The chancellor faced criticism in recent weeks after he left a heated Queens town hall where parents raised concerns about school safety issues, including sexual assault. Carranza sparred with politicians on Twitter over why he left and emphasized that school officials were working directly with parents to address concerns. He later apologized for how the matter was handled and offered to meet with the parents.
In the summer of 2019, the mayor announced a range of new discipline reforms, including curbing lengthy suspensions and limiting student arrests for low-level offenses. Last month, the principals union said the reforms have led to more unruly schools, and administrators have struggled to embrace the changes.
“I understand that the administration would like to focus on intervention and restorative justice, and that’s OK, but it’s not OK when you have parents and teachers and administrators around the city saying they don’t feel safe,” said Assemblymember Nicole Malliotakis, a Staten Island Republican.

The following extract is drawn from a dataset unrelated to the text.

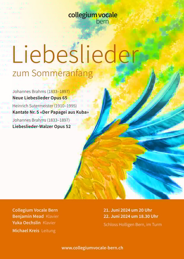 Das Collegium Vocale Bern, unterstützt von den Pianisten Benjamin Mead und Yuka Oechslin, breitet den Klangteppich der Liebeslieder zum Sommeranfang für die Zuhörenden aus. Nach dem Brahmszyklus Neue Liebeslieder Opus 65 steht ein total gegensätzliches Werk auf dem Programm: Die Kantate Nr. 5 «Der Papagei aus Kuba» des Schweizer Komponisten Heinrich Sutermeister, eine Auftragskomposition des Schweizer Radio SRG aus dem Jahr 1962.

Carranza said he didn’t agree that “all parents, all students, all administrators” feel unsafe. The school system works with the police department when, for example, students are accused of serious crimes. Restorative justice practices, which attempt to get to “the root” of a problem, are reserved for less serious offenses, Carranza said.
“But a student that is mouthy, a student that is disrespectful, a student that isn’t paying attention — when you suspend that kind of a student, you’re treating a symptom,” Carranza said.
Integration
In one testy exchange, Queens Democratic Sen. John Liu asked Carranza, “Do you think you might have some issues in the Asian-American community?”
Carranza has faced backlash from some Asian-American New Yorkers over various policy decisions — most notably, for his support of getting rid of the admissions test for specialized high schools in order to diversify those schools. Since a majority of admissions offers go to Asian students – 51% last school year — some Asian-American families believe scrapping the test would elbow their children out. Some feel Carranza and the mayor haven’t done enough to understand their concerns and have called for Carranza’s firing.
Carranza pushed back and said he’s “working hard to bridge the divide” with Asian-American families, and that he would welcome Liu’s help. Liu, who oversees the Senate’s New York City education committee, said he’s offered help “many times, but you’ve never taken me up on it.”
Later, Manhattan Sen. Robert Jackson, a Democrat, said he thought Carranza is an inclusive leader, and encouraged the chancellor to “hang in there,” and “listen to what people have to say.”
Carranza doubled down on his support for repealing Hecht-Calandra, the part of state education law that governs the specialized high school admissions test. Repealing that law would effectively allow the city to set admissions policies for its three largest specialized high schools.
“Get out of the school board business,” Carranza told the room of lawmakers. “You have bigger fish to fry.”
Liu, who doesn’t support the plan to repeal the law altogether, questioned why the city couldn’t change policies at its five other specialized high schools not named in Hecht-Calandra. Carranza said it wasn’t clear the law allows them to do so, and that those schools don’t want to be a “bifurcated” system of schools with and without the test.